Une autre responsable du ministère américain de la Défense avait indiqué plus tôt, sous le couvert de l'anonymat, que les Etats-Unis étudiaient également "des initiatives avec nos alliés et partenaires pour renforcer notre dissuasion crédible à l'égard de la Russie", 

Ce rapport étant classé secret défense, le Pentagone n'a donné aucun détail sur la façon dont les Etats-Unis pourraient renforcer leur dispositif militaire visant à contrer les ambitions territoriales de Moscou ou Pékin.

Des ajustements du déploiement militaire américain en Europe et dans la région indo-pacifique sont en cours de discussion "mais en cette première année de l'administration, ce n'est pas le moment de développer des changements stratégiques majeurs de notre posture", a expliqué la responsable ayant requis l'anonymat.

"On fait un peu avancer les choses", a ajouté Mme Carlin. "Et ce que j'espère, c'est qu'au cours des prochaines années vous verrez les choses avancer de plus en plus".

Le Pentagone a par ailleurs déjà annoncé qu'il renforcerait sa présence en Australie, où quelque 2.500 soldats du corps des Marines étaient jusqu'ici déployés chaque année par rotation de quelques centaines pour des exercices.

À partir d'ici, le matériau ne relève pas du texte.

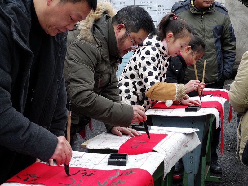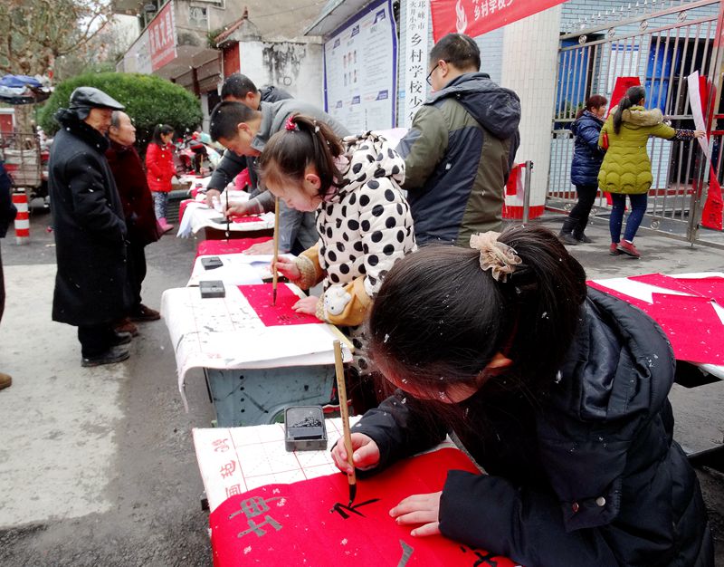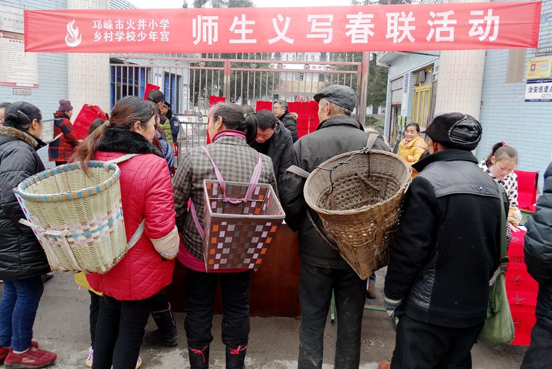 1月23日,入冬以來最冷的一天,天空飄起了久違的雪花;在邛崍市火井小學鄉(xiāng)村學校少年宮門口,高懸的橫幅烘托出一派熱鬧喜慶的氣氛。書法興趣小組的學員們在輔導員老師的帶領(lǐng)下,在校門口將早已準備好的“文房四寶”一字排開,又為火井的老百姓們免費寫起了春聯(lián)。一幅幅寓意吉祥祝福的春聯(lián)在大家手中誕生。轉(zhuǎn)眼間,校門口便擠滿了前來觀看的人們。他們時而踮起腳觀望,時而精心挑選,時而豎起大拇指贊嘆……居民們捧著這些墨跡未干的春聯(lián),眼神中流露出無比的幸福,整個活動現(xiàn)場呈現(xiàn)出一派歡樂和諧的氣氛。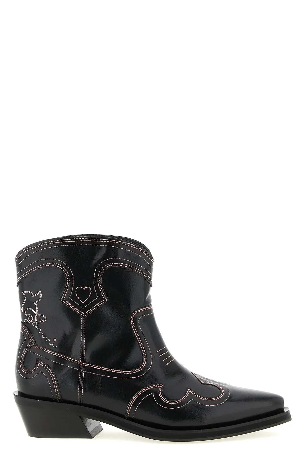 cod. B1010028475 'Low Shaft Embroidered Western' ankle boots in leather-effect fabric with contrast embroidery, Texan model, tapered toe, low angled heel, rubber sole. SUSTAINABLE: the article contains Oleatex™, a new generation material that is part of Ganni's Fabrics of the Future initiative. Oleatex™ is an innovative alternative to synthetic materials, made using byproducts from olive oil production to form a bio-based polyurethane (PU) top coating bonded to a cotton, viscose or recycled polyester backing. Color: Black Size & Fit: EU WOMEN Composition: 64% polyurethane 23% polyester 13% cotton Made in: Portugal

En Europe, le président Joe Biden est revenu sur la décision de limiter à 2.500 les effectifs militaires américains déployés en Allemagne, et a réaffirmé l'engagement des Etats-Unis envers l'Otan, que son prédécesseur Donald Trump avait remis en cause.

Avec le retrait d'Afghanistan et le rappel aux Etats-Unis des batteries antimissiles Patriot qui avaient été déployées en Arabie saoudite après des tirs de missiles sur ses champs pétroliers attribués à des groupes pro-iraniens, la posture militaire américaine au Moyen-Orient apparaît réduite.

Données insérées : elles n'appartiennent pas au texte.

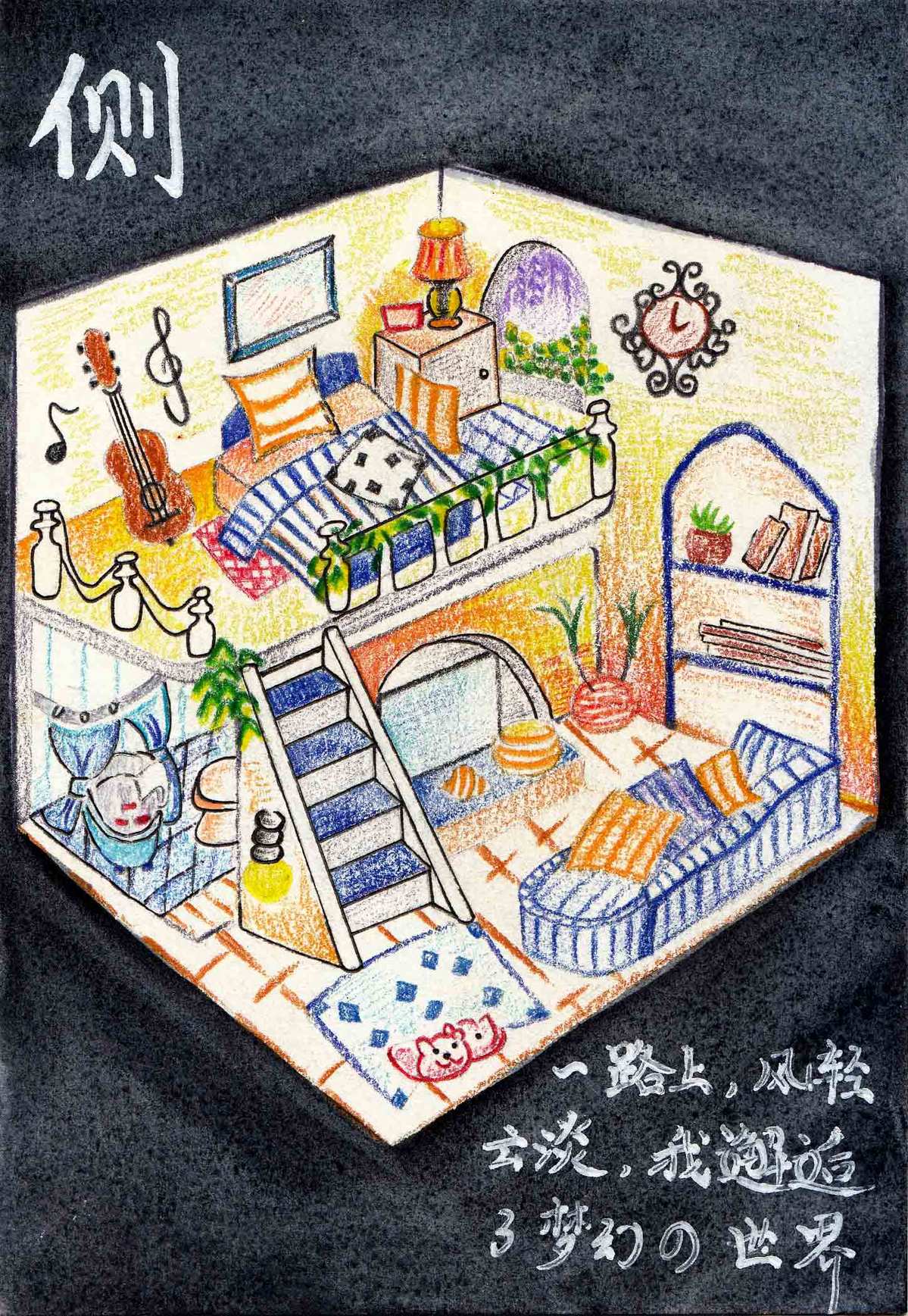 Die Zeichnung einer idealen Wohnung für Alleinlebende, gezeichnet von einem Schüler der Mittelschüler Nummer 2 in Changzhou.

En Irak, Washington a conclu à l'été un accord avec le gouvernement irakien qui prévoit le départ d'ici la fin de l'année de toutes les "forces de combat" du pays, même si 2.500 militaires américains y resteront. "Notre engagement est de continuer à soutenir la coalition anti-Etat islamique", a souligné la responsable ayant requis l'anonymat.